The amount listed as owned by each IVP IX Fund may be deemed to be attributable to each of the other IVP IX Funds, Insight Venture Associates IX, L.P. (“IVA IX”), Insight Venture Associates IX, Ltd. (“IVA IX Ltd”) and Holdings, because Holdings is the sole shareholder of IVA IX Ltd, which in turn is the general partner of IVA IX, which in turn is the general partner of each of the IVP IX Funds.

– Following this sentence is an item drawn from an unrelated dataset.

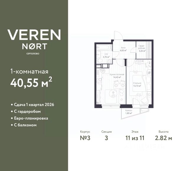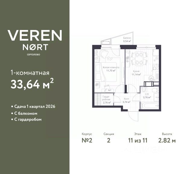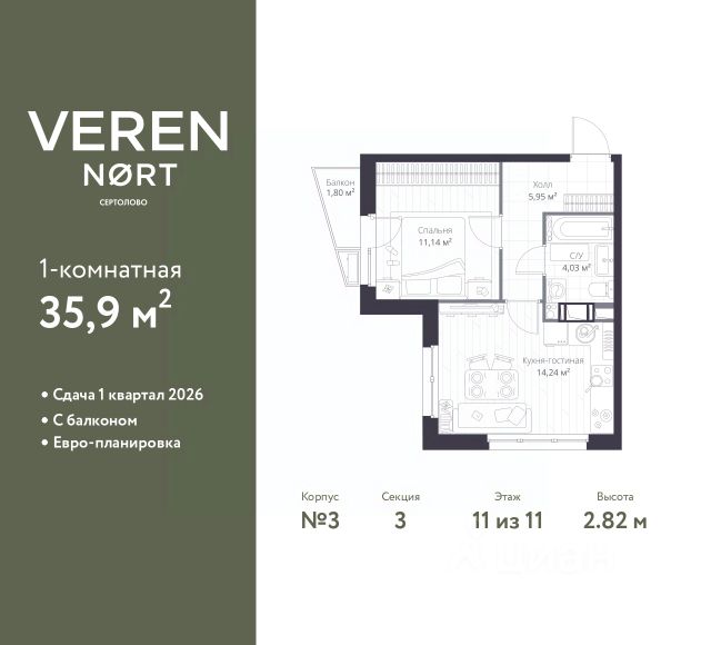 Продается просторная 1-комнатная квартира от застройщика в жилом комплексе "Бионика Заповедная" в динамичном Приморском районе. До метро можно добраться на транспорте всего за 11 минут. Удобная, классическая, функциональная европланировка, большая кухня-гостиная 17 м², вместительная прихожая 3.6 м². Общая площадь квартиры - 34.76 м², жилая 10.08 м², высота потолка 2.77 м. Квартира продается с отделкой "Норд Лайн светлый плюс". Что особенного в ЖК "Бионика Заповедная"? • Оазис в городе 3 минуты пешком до Новоорловского заказника (140 ГА) • Захватывающие виды из окон на хвойный лесопарк • Всесезонный "Заповедный парк" во дворе площадью 23000 кв.м. • 5 единых входных групп с авторским дизайном и лаундж-зонами, сити-виллы на первых этажах с палисадниками и высотой потолков до 4 м • Места притяжения: фонтан "Бионика", спортивный кластер со скейт-парком, фотозоны с арт-объектами

2,748,779 shares of common stock are held of record by Insight Venture Partners Growth-Buyout Coinvestment Fund, L.P. (“IVP Coinvestment”), 2,209,859 shares of common stock are held of record by Insight Venture Partners Growth-Buyout Coinvestment Fund (Cayman), L.P. (“IVP Coinvestment Cayman”), 2,031,972 shares of common stock are held of record by Insight Venture Partners Growth-Buyout Coinvestment Fund (Delaware), L.P. (“IVP Coinvestment Delaware”) and 2,500,888 shares of common stock are held of record by Insight Venture Partners Growth-Buyout Coinvestment Fund (B), L.P. (“IVP Coinvestment (B)” and, together with IVP Coinvestment, IVP Coinvestment Cayman and IVP Coinvestment Delaware, the “IVP Coinvestment Funds” and, IVP Coinvestment Funds together with the IVP X Entities and the IVP IX Funds, the “Funds”).
The amount listed as owned by each IVP Coinvestment Fund may be deemed to be attributable to each of the other IVP Coinvestment Funds, Insight Venture Associates Growth-Buyout Coinvestment, L.P. (“IVA Coinvestment”), Insight Venture Associates Growth-Buyout Coinvestment, Ltd. (“IVA Coinvestment Ltd”) and Holdings, because Holdings is the sole shareholder of IVA Coinvestment Ltd, which in turn is the general partner of IVA Coinvestment, which in turn is the general partner of each of the IVP Coinvestment Funds.
Each of Jeffrey Horing, Deven Parekh, Jeffrey Lieberman and Michael Triplett is a member of the board of managers of Holdings and may be deemed to have shared voting and dispositive power over the shares held of record by the Funds. The foregoing is not an admission by IVA IX, IVA IX Ltd, IVA Coinvestment, IVA Coinvestment Ltd, IVA X, IVA X Ltd or Holdings that it is the beneficial owner of the shares held of record by the Funds. Each of Messrs. Horing, Parekh, Lieberman and Triplett disclaims beneficial ownership of the shares held by the Funds, except to the extent of his pecuniary interest therein, if any.
The address of each of the entities and persons identified in this Exhibit 99.3 is c/o Insight Partners, 1114 Avenue of the Americas, 36th Floor, New York, New York 10036.